Virtually all research indicates that the role of mediation should
be increased in custodial disputes between parents following divorce
or separation. There is considerable evidence now that mediation
is superior to litigation. Despite this however, litigation and
adversarial approaches continue in connection with disputes between
parents over their children. Not all cases lend themselves to shared
parenting type decisions. Such shared parenting is certainly the
ideal for which to aim, whenever possible. The crux of the matter
appears to be, seeking to have parents view their conflict as secondary
to their care the and future development of their children. This
is where mediation could play an important role with the support
of the courts and the litigation process. It is the view of the
author that any parent who fails to co-operate with the aims of
the mediator in putting children first in any dispute should be
forced by the court to co-operate or else lose a degree of custody
over children.
A. Diagnosing Child Custody Disputes
Psychological diagnostic tools are rarely used in the diagnosis
of parents and their children who are involved in child custody
disputes. Heinze & Grisso (1996) reviewed the following instruments
of parenting capacity that are currently used in child custody evaluations.

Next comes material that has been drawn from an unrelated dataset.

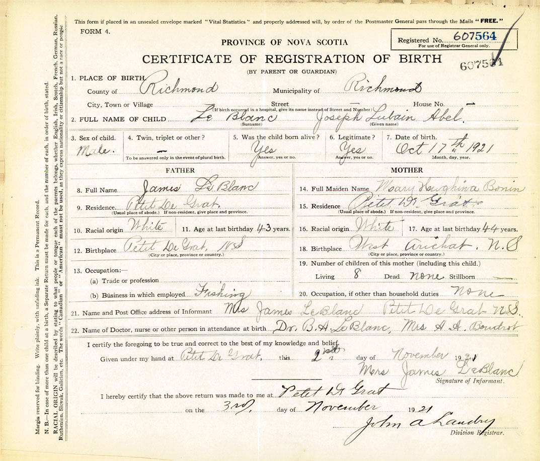 21. Name and Post Office address of Informant Mrs. James LeBlanc Petit-de-Grat

These are: The Ackerman-Schoendorf Scales for Parent Evaluation
of Custody, the Bricklin Perceptual Scales and Perception of Relationships
Test, the Child Abuse Potential Inventory (CAPI), the Parent-Child
Relationship Inventory (PCRI), and the Parenting Stress Index (PSI).
These instruments were reviewed by obtaining the test manual and
published and unpublished research on the instruments. Each measure
was described, as well as research on the measures, norms, reliability,
validity and generalisability. The measures were discussed with
regards to their approach in processing parental effectiveness and
principles of test construction. The results indicated that the
CAPI, PCRI, and PSI were all useful measures that could be utilised
in child custody cases and in divorce mediations.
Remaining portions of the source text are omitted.